While attending Harvard Law School, Ben tried to quit law school. His professor, Erskine Tate, threatened to beat him up. Later Ben recalled that Tate was his favorite professor and that he owed the professor a lot. (The Professor)

Ben Matlock's first big case was defending a black cook, Cyrus Jordan (portrayed by Stan Shaw) in 1962, who was accused of murdering the sheriff in Mt. Harlan. Ben had become dissatisfied with being a D.A., and wanted to defend people, and decided to take Cyrus' case.

==Family==
Ben Matlock is a widower who had two daughters, Charlene and Leanne, who both became lawyers in their own right and who both worked alongside their father at one point or another.
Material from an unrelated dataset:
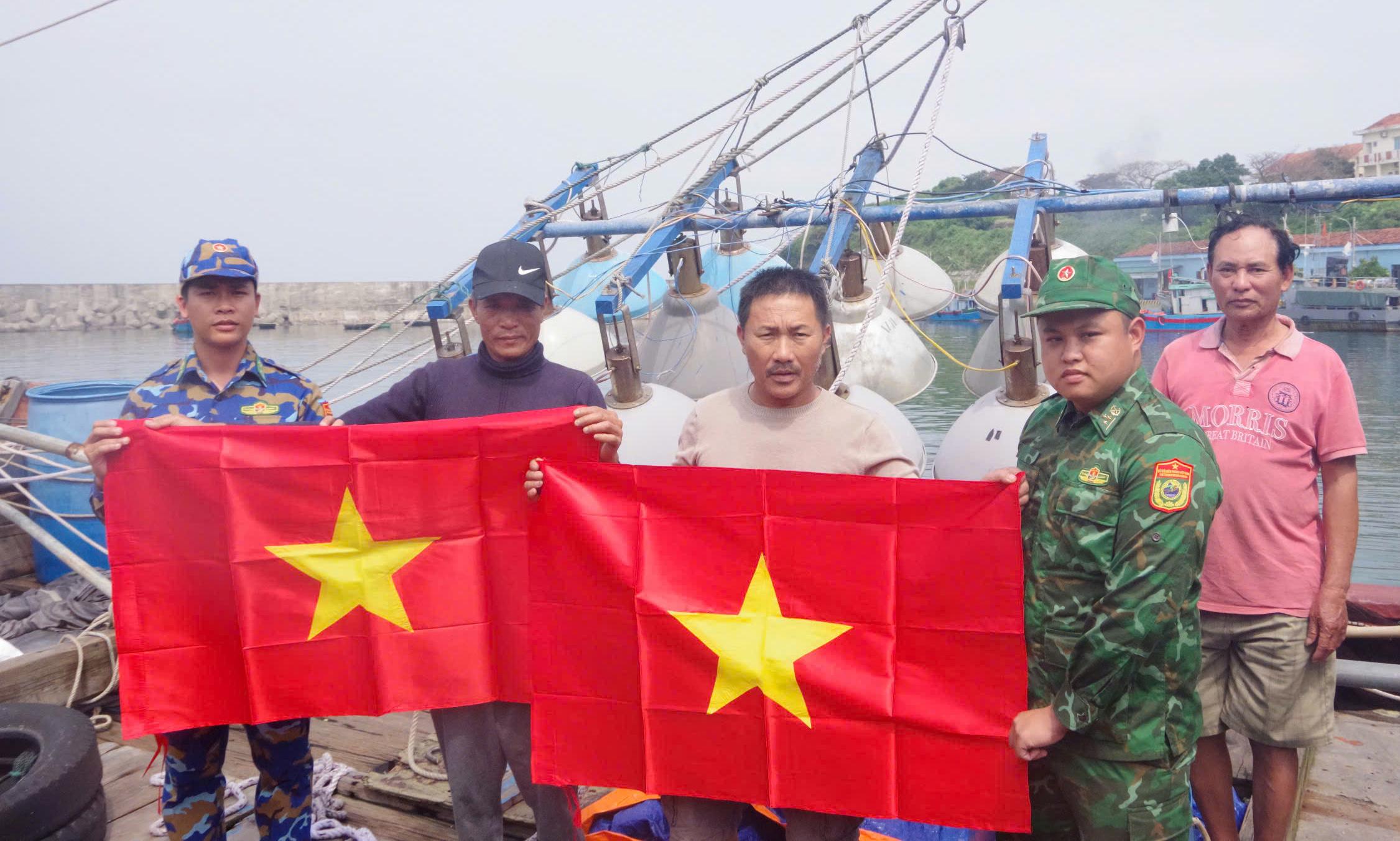 Dịp này, lực lượng BĐBP Quảng Trị cũng đã trao tặng cờ Tổ quốc và tuyên truyền cho ngư dân trên tàu cá QT 9331 TS các quy định của pháp luật về hoạt động khai thác thủy sản, các quy định về chống khai thác IUU khi đánh bắt trên biển.

His father, Charlie Matlock, was an auto repairman in Ben's hometown.

He also had a goddaughter, Laura Miller (portrayed by Laura Robbins), whom he had not seen for the last 11 years since her mother's funeral. She worked at a clothing store at an Atlanta mall (The Godfather).

Ben also has a nephew Erwin Bruckner, who, in the episode The Genius, was accused of murdering his boss.

==Legal practice==

Ben Matlock had been in practice since the early 1960s, has represented over 400 criminal cases (Diary of a Perfect Murder), and chose his cases based on the belief that his client was innocent. His retainer is $100,000.
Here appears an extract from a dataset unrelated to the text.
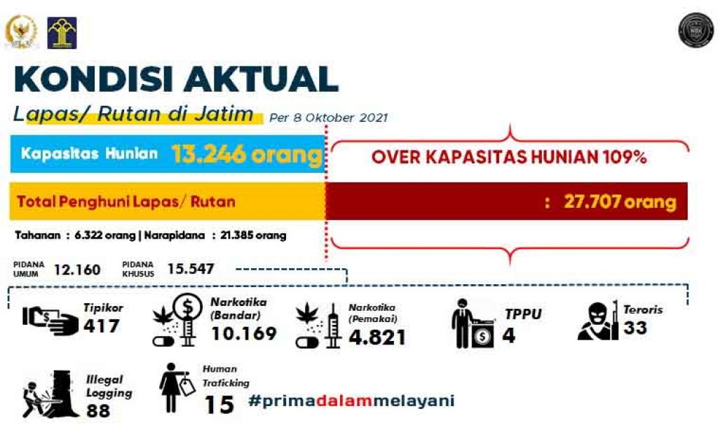 Kepala Kanwil Kemenkumham Jatim, Krismono menjelaskan per Oktober Tahun 2021, dari 39 lapas/rutan di Jatim dihuni sekitar 27.707 warga binaan. Jumlah itu melebihi kapasitas hunian yang ‘hanya’ mampu menampung 13.246 orang saja.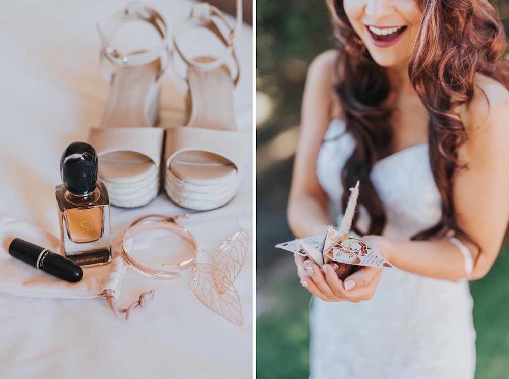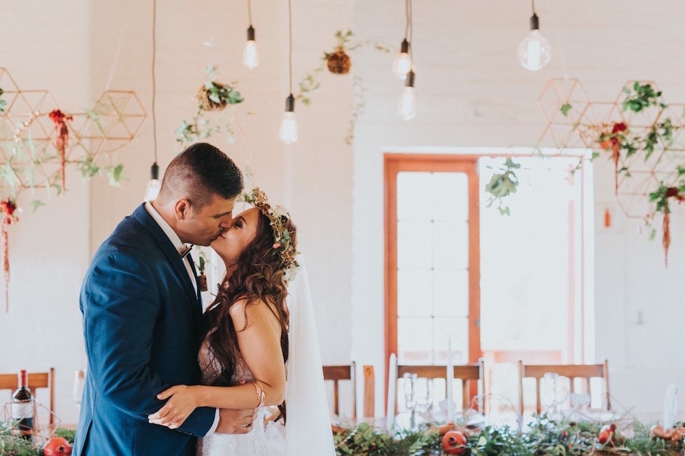 There are some weddings I fall in love with more every time I look at them, and Juan and Mari’s is one of them! Which probably has something to do with the fact that Mari is such a creative soul – not only did she design all the stationery for her big day, and come up with some gorgeously unique ideas (like the cork boutonnieres and origami crane invitations), she applied to same creativity to writing a sweet poem that bagged the couple two of our favourite wedding cinematographers, the fab Barefeet Videography, in a competition they ran (be sure to check out the video at the end of the post!). The style was modern meets bohemian, with a divine palette of pomegranate red, leafy green, and rose gold. I love the mix of clean, contemporary geometrics with more rustic elements, as well as the addition of rose gold safari animals as a nod to the couple’s love of the bushveld. And I LOVE the happiness in all Debbie Lourens‘ wonderful photos – not just between the high school sweethearts who became newlyweds, but among their family and friends as well. What a happy, pretty day.

Ben Matlock had several assistants over the years, both as lawyers and private investigators. His lawyer assistants were his daughters Charlene Matlock and Leanne MacIntyre as well as Michelle Thomas and Cliff Lewis. His private investigators were Tyler Hudson, Conrad McMasters, Cliff Lewis, and Jerri Stone. His associates often walked into his house without knocking, eating with Ben, and having barbecue with him (The Confession).
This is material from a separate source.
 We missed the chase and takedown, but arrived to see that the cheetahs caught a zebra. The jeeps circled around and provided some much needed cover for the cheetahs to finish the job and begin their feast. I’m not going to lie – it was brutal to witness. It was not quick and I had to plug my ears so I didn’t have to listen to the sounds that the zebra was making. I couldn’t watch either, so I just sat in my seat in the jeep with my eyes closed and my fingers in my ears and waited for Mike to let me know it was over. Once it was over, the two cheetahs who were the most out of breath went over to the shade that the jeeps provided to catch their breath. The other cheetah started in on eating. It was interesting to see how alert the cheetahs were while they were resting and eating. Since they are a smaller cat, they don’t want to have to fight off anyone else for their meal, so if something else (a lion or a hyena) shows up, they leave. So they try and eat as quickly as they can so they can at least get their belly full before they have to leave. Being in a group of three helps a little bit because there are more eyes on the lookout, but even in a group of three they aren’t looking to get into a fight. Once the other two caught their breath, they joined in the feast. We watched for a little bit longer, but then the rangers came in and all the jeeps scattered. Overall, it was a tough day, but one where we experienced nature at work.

At times, Matlock has taken divorce and custody cases. One such case, concerning Carla Evans and her husband, was an unusual case for Matlock because he lost. Five years afterward, Carla was charged with murdering her ex-husband, and Matlock took the case pro bono as a way of apologizing to Carla (The Stripper). Losing a case was a rarity for Matlock, but he has had the occasion to correct that, as with Lester Matthews (The Convict), when Lester was tried for murdering a fellow inmate. Another one he lost was when Ken Wilson was arrested for killing his wife (The Black Widow). It took Matlock's client seven years for him to get out of custody. After his release, he was accused a second time, hence, his lawyer traveled to Los Angeles to reopen the case, a second time. He was found innocent. The third case he lost was to Dave Travis (The Pro), who was then convicted for killing Victor Tomasio. There was also (The Brothers) where Matlock lost the case when he got the other brother to admit to being involved in the murder and subsequently telling where the defendant was and his involvement. Matlock won in that he caught the killers but albeit in a different way that wouldn't break client-lawyer privilege as well as living up the agreement he'd made earlier to his client to defend him.

A case he had won where Drew Carey (The Fugitive), was found innocent for not killing Uncle Edwin. Although he did not do it, the judge recommended Drew perform an indefinite community service, despite his volatile behavior, inside and outside of court.

TV Actor Andy Griffith portrayed Ben Matlock for the duration of the Matlock television series. He also portrayed Charlie Matlock, Ben's father, in flashbacks.

==Songs Ben Matlock sings in Matlock==
- My Buddy by Anne Murray in (The Starlet), accompanied on banjo.
- Yes Sir, That's My Baby by Bing Crosby.
- Going Down the Road Feeling Bad with Randy Travis.

Throughout the series, Ben Matlock is shown to be talented in playing the Country guitar, ukulele, steel guitar, and banjo.